TASK
Reproduce the data below in full and exclude every picture.

***** DATA EXCERPT *****

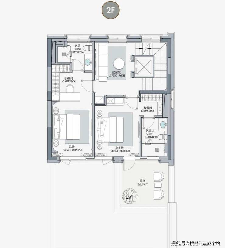 • 庭院中心布局,客厅、餐厅、卧室三面均可采光,内外相映成趣
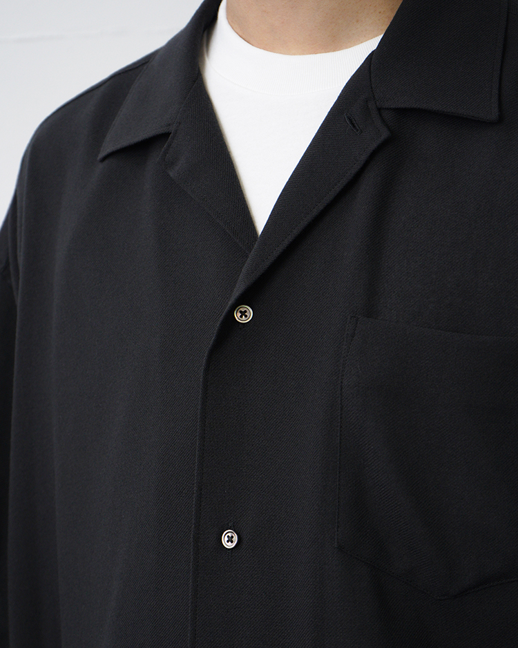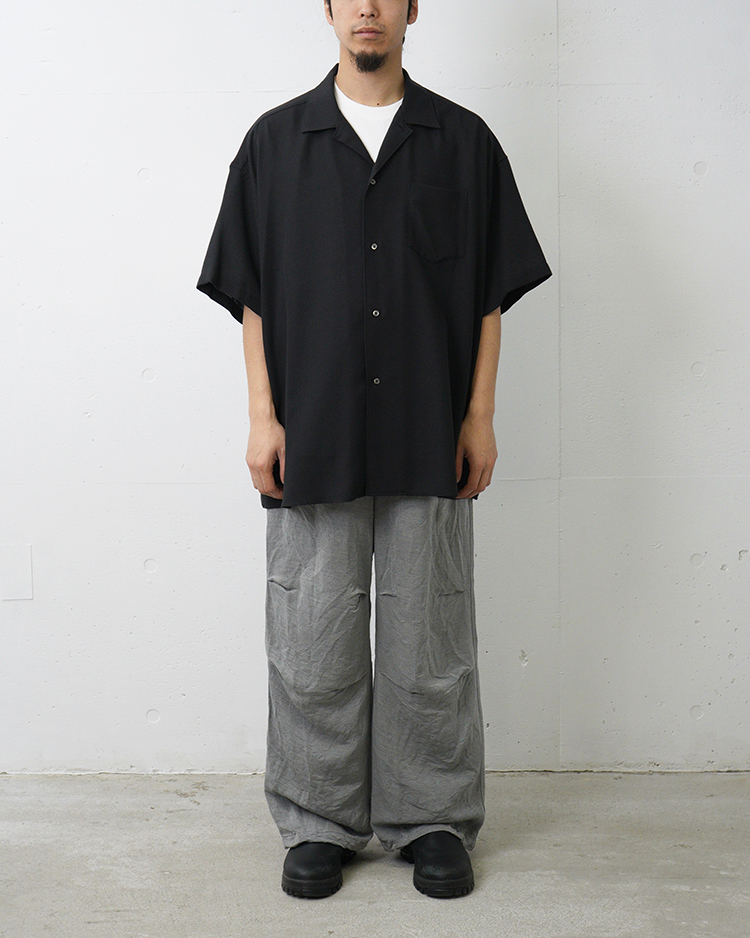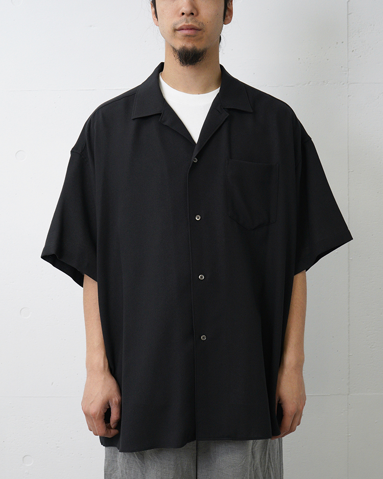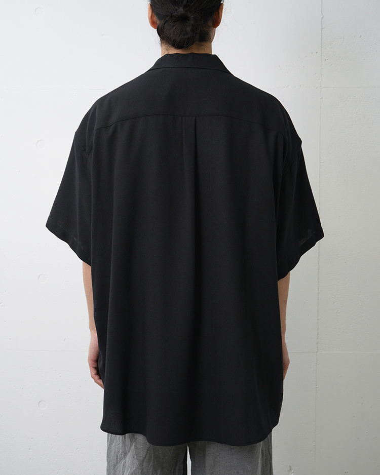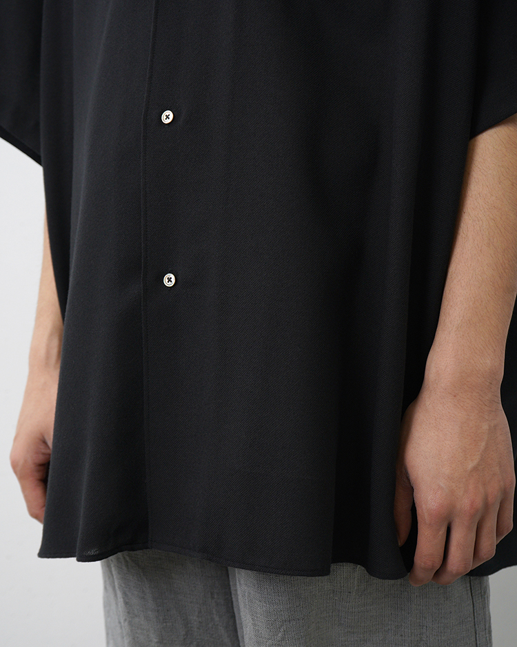 ゆったりとした身幅が特徴の開衿のショートスリーブスリーピングシャツ。ビスコースとポリエステルの強撚糸で織り上げたビエラ素材を使用し、ドライでサラサラとした清涼感ある風合いを実現。仕上げにワッシャー加工を施すことで、柔らかさも兼ね備えた一着。
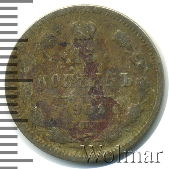 Реверс монеты 15 копеек 1901 года СПБ-ФЗ
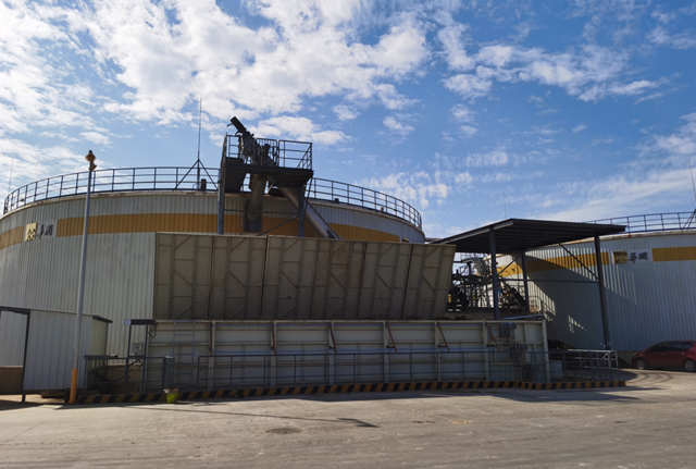 厭氧單元引進半干式高濃度厭氧發(fā)酵技術(shù),結(jié)合國內(nèi)原料特點進行了具有開創(chuàng)性的創(chuàng)新改進提升,建設半干式厭氧發(fā)酵罐3座,單體容積5,600m³。創(chuàng)新的半干式厭氧發(fā)酵工藝發(fā)酵濃度高、溫度高,對工況復雜的纖維類生物質(zhì)原料兼容性好,容積產(chǎn)氣率較傳統(tǒng)濕法厭氧工藝提升30%——50%,具有較高的生產(chǎn)效率。秸稈類原料的浮渣結(jié)殼問題是世界級難題,已經(jīng)成為制約此類原料厭氧應用的根本因素。隆安項目進行針對性發(fā)明創(chuàng)造,從根本上解決了秸稈在厭氧罐內(nèi)漂浮和結(jié)殼的技術(shù)難題,成功為秸稈類生物質(zhì)沼氣項目摸索出一套成熟可靠的厭氧發(fā)酵工藝。

*****

EXERCISE SOLUTION
 • 庭院中心布局,客厅、餐厅、卧室三面均可采光,内外相映成趣
 ゆったりとした身幅が特徴の開衿のショートスリーブスリーピングシャツ。ビスコースとポリエステルの強撚糸で織り上げたビエラ素材を使用し、ドライでサラサラとした清涼感ある風合いを実現。仕上げにワッシャー加工を施すことで、柔らかさも兼ね備えた一着。
 Реверс монеты 15 копеек 1901 года СПБ-ФЗ
 厭氧單元引進半干式高濃度厭氧發(fā)酵技術(shù),結(jié)合國內(nèi)原料特點進行了具有開創(chuàng)性的創(chuàng)新改進提升,建設半干式厭氧發(fā)酵罐3座,單體容積5,600m³。創(chuàng)新的半干式厭氧發(fā)酵工藝發(fā)酵濃度高、溫度高,對工況復雜的纖維類生物質(zhì)原料兼容性好,容積產(chǎn)氣率較傳統(tǒng)濕法厭氧工藝提升30%——50%,具有較高的生產(chǎn)效率。秸稈類原料的浮渣結(jié)殼問題是世界級難題,已經(jīng)成為制約此類原料厭氧應用的根本因素。隆安項目進行針對性發(fā)明創(chuàng)造,從根本上解決了秸稈在厭氧罐內(nèi)漂浮和結(jié)殼的技術(shù)難題,成功為秸稈類生物質(zhì)沼氣項目摸索出一套成熟可靠的厭氧發(fā)酵工藝。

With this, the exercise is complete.